= THE DATA =
- Opening Delimiter -
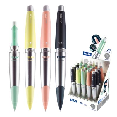 Objavte nové mechanické ceruzky, ktoré sa napĺňajú zatrasením, nie je potrebné tlačiť ako pri tlačidlových modeloch. - hrúbka hrotu: 0,7 mm -guma zabudovaná v viečku -mechanizmus aktivovaný zatrasením -v 5 rôznych farbách Kontakt výrobcu / prvého distribútora v EÚ: APLI PAPER S.A.U Avda. Arraona, 120-124, Centro Industrial Santiga, 08210 Barbera del Valles, Barcelona, Španielsko [email protected] https://www.apli.com/en
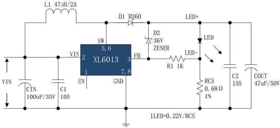 (3) XL6013E1內置過溫保護、過流保護、LED 開路保護全套可靠性保護電路,可靠性高;
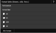 Dacă înregistraţi formatul de hârtie pe care îl utilizaţi frecvent pe butoanele <S1> la <S3>, puteţi să le apelaţi cu o singură atingere. Înregistrarea unui format de hârtie personalizat
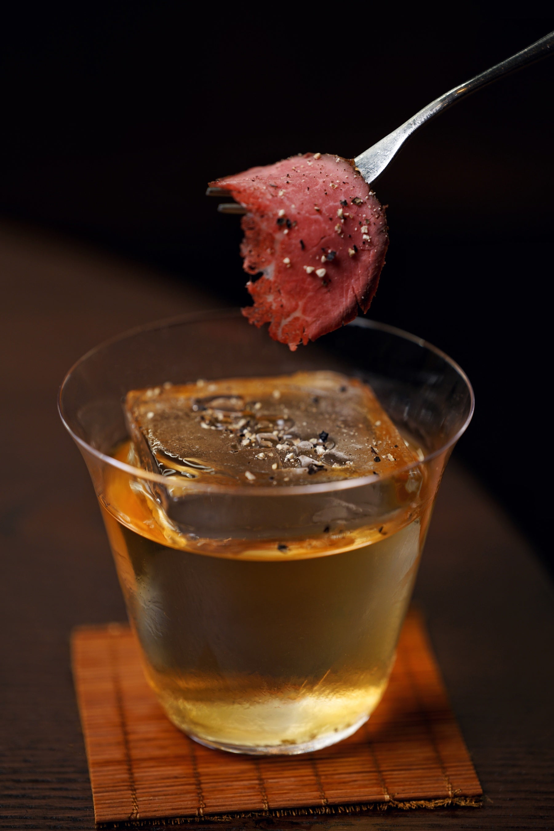 ドリンクは北海道から沖縄まで日本のご当地の要素で、馴染みのあるクラシックカクテルを発展させたシリーズを新たに制作。「北海道」はチーズに雪の結晶のモチーフ、「青森」は林檎、「神戸」は和牛、「京都」は宇治抹茶と、ゆかりのある素材とスタンダードカクテルのアイデアが融合しています。
- Closing Delimiter -
= WHAT THE TASK ASKS =
Begin at the line that contains "Dacă înregistraţi formatul" and transcribe exactly, and only, each line through the final line of the data above, both included; the pictures do not go in.

= FINAL ANSWER =
 Dacă înregistraţi formatul de hârtie pe care îl utilizaţi frecvent pe butoanele <S1> la <S3>, puteţi să le apelaţi cu o singură atingere. Înregistrarea unui format de hârtie personalizat
 ドリンクは北海道から沖縄まで日本のご当地の要素で、馴染みのあるクラシックカクテルを発展させたシリーズを新たに制作。「北海道」はチーズに雪の結晶のモチーフ、「青森」は林檎、「神戸」は和牛、「京都」は宇治抹茶と、ゆかりのある素材とスタンダードカクテルのアイデアが融合しています。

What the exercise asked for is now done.